The input:
=-=-=
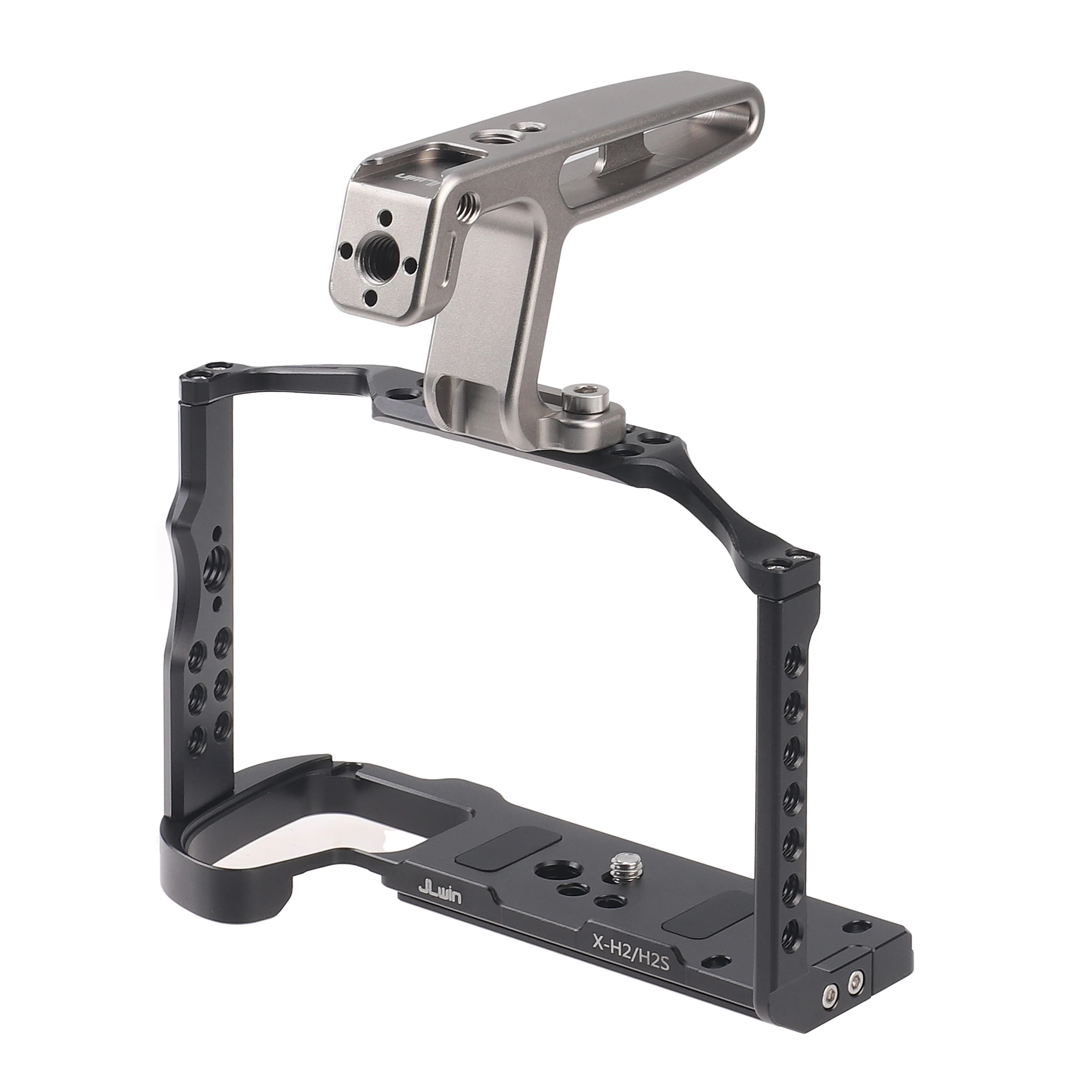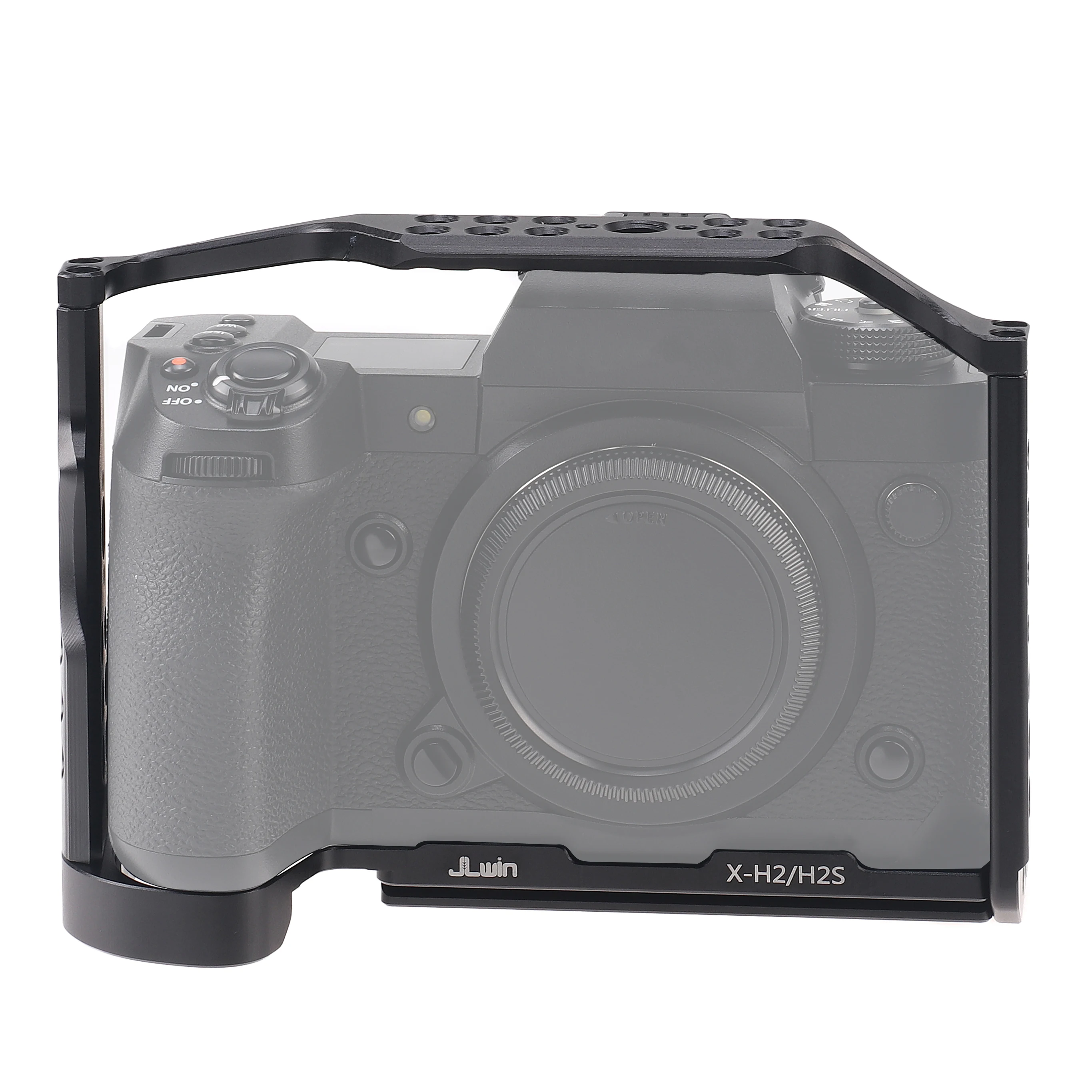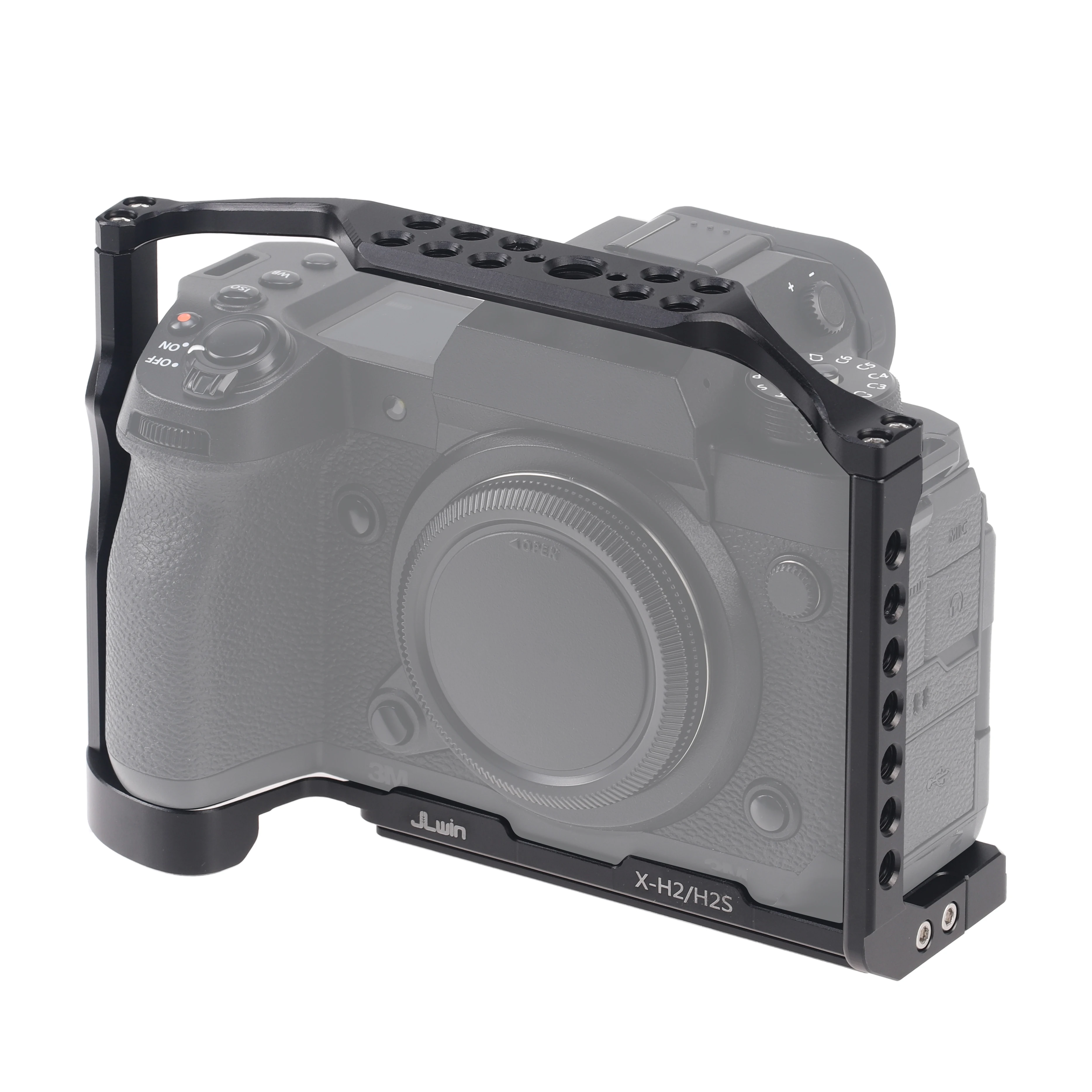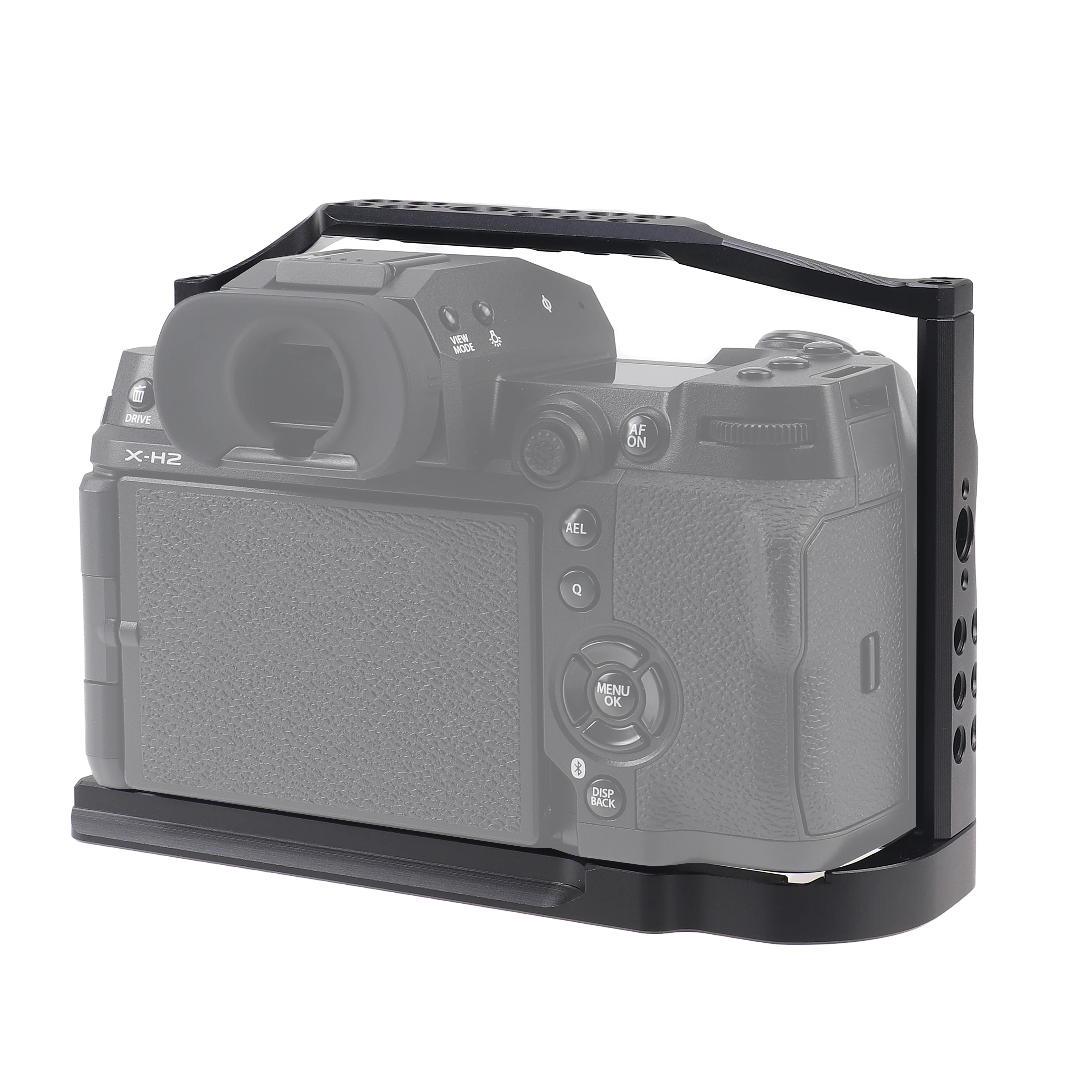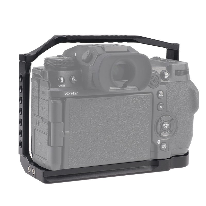 Aluminum Camera Cage is specifically designed for Fuji X-H2/X-H2S Camera. It is a full cage which is lightweight and perfectly form-fitting the camera. It is equipped with multiple 1/4" -20 and 3/8" -16 threaded holes, ARRl locating hole and cold shoe for accessories mounting.
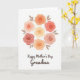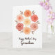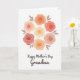 This greeting card features a circular wreath of stylized flowers centered on a bright white background, arranged like a gentle hug around the empty middle. The blossoms use soft, warm tones—coral, blush peach, and creamy yellow—so the whole ring feels like a quiet spring garden 🌼. Petals are layered with subtle swirls, giving each bloom a tender, unfolding look that suggests closeness and care ❤️. Slender leaves in a muted taupe shade weave between the flowers, adding calm contrast and a grounded, natural touch. Beneath the wreath, the message “Happy Mother’s Day Grandma” sits centered near the bottom of the front. The lettering is in a flowing cursive style and printed in a rich chocolate-brown color that stands out clearly against the white space. The layout stays open and airy, with generous margins that keep the wreath and the text easy to notice. Small taupe leaves peek between coral and peach flowers around the circular border.
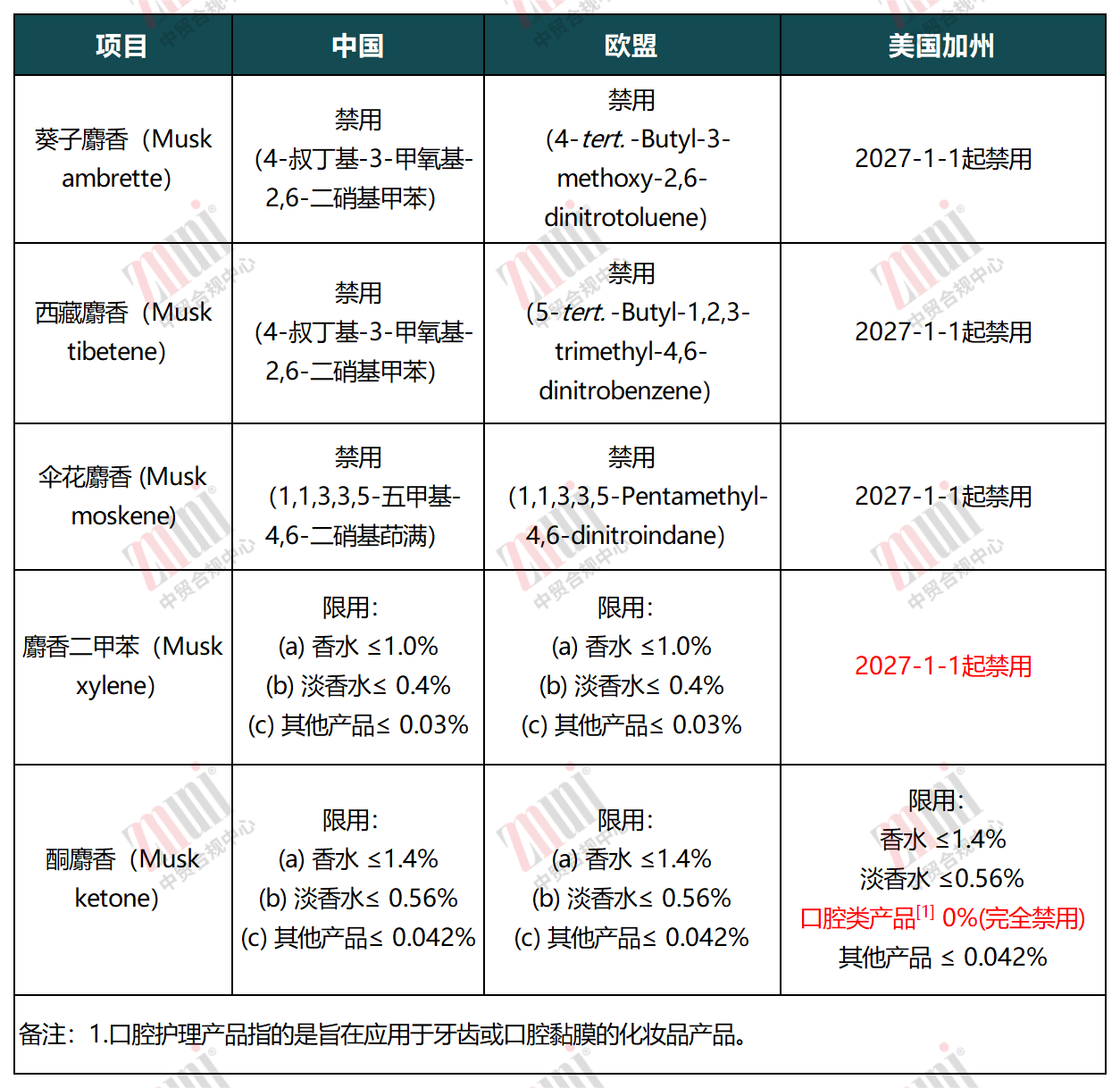 此次加州法案修订,也是美国加州与欧盟等国家地区相关法规接轨的一种标志,是越来越注重化妆品成分安全的体现。以下是中国、欧盟、加州对于这5种人造麝香的禁限用规定对比情况整理:
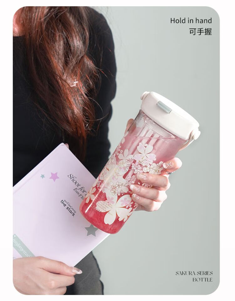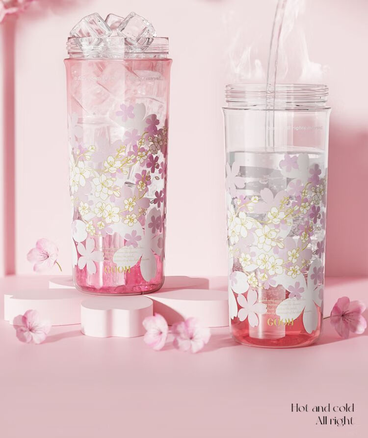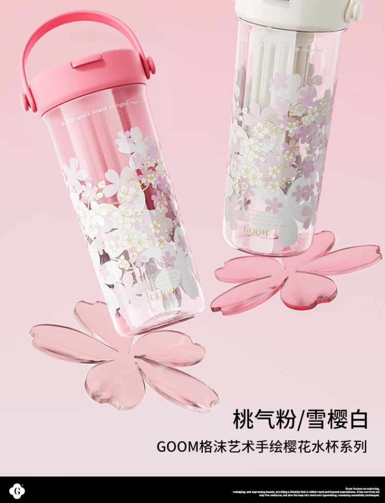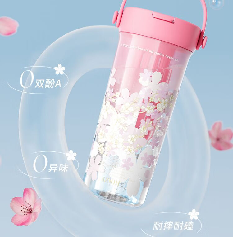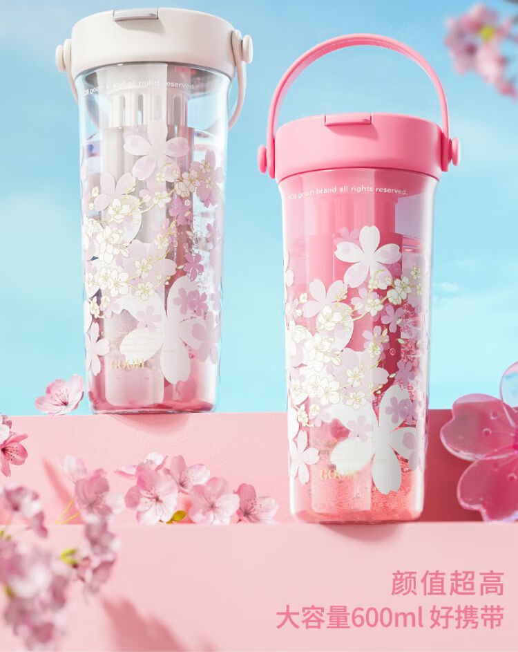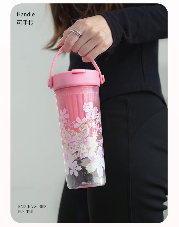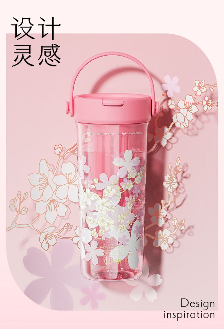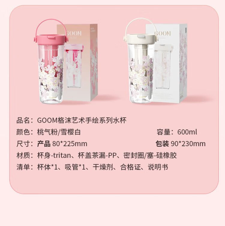 GOOM手绘杯大容量手提吸管杯高颜值塑料杯 600ml繁花/个
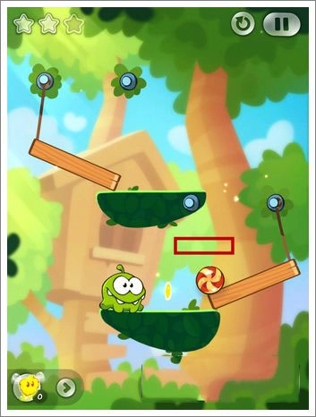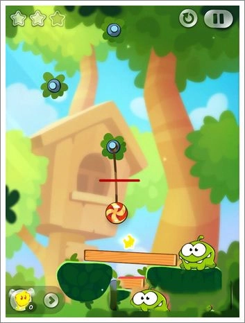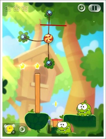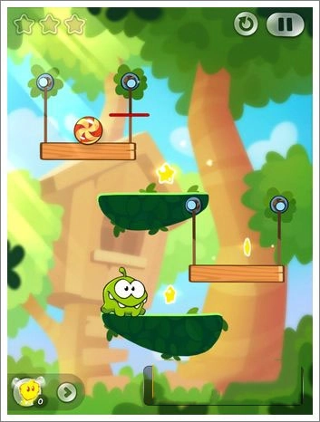 1、Roto能够把OmNom移动到接住糖果的最佳位置。OmNom吃起糖果来,真是美味可口!
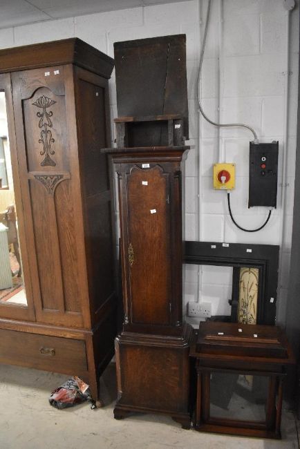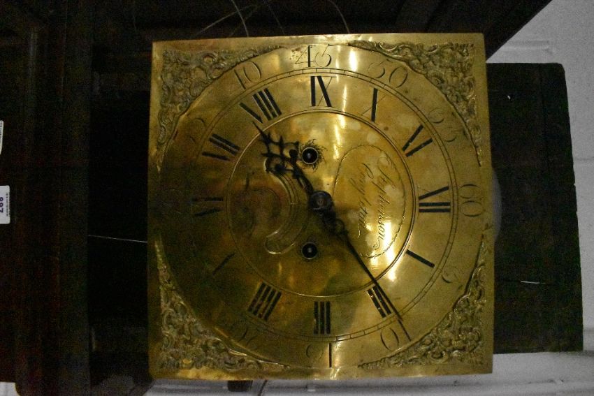 An 18th Century oak long cased clock having eight day movement with square hood and brass dial named for Stephenson , Congleton
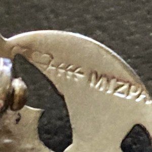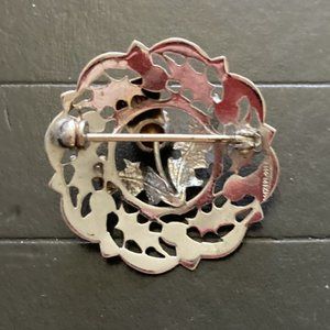 This little brooch, about 1-3/8" in diameter, has lots to tell us. The thisle, here adorned with an amethyst colour glass stone, is a traditional Scottish symbol. The brooch is signed Mizpah on the back, which is a Hebrew term that I understand means something like "may God watch over you". Mizpah jewelry, like sweetheart pieces, was often given to a loved one to suggest the strength of a bond, particularly in the event of a forthcoming separation. The brooch also has the symbol of a double heart with an arrow.
=-=-=
Your answer should be the lines above, word for word, from the line with "GOOM手绘杯大容量手提吸管杯高颜值塑料杯 600ml繁花/个" through the line with "An 18th Century", minus the pictures.

Output for this task:
 GOOM手绘杯大容量手提吸管杯高颜值塑料杯 600ml繁花/个
 1、Roto能够把OmNom移动到接住糖果的最佳位置。OmNom吃起糖果来,真是美味可口!
 An 18th Century oak long cased clock having eight day movement with square hood and brass dial named for Stephenson , Congleton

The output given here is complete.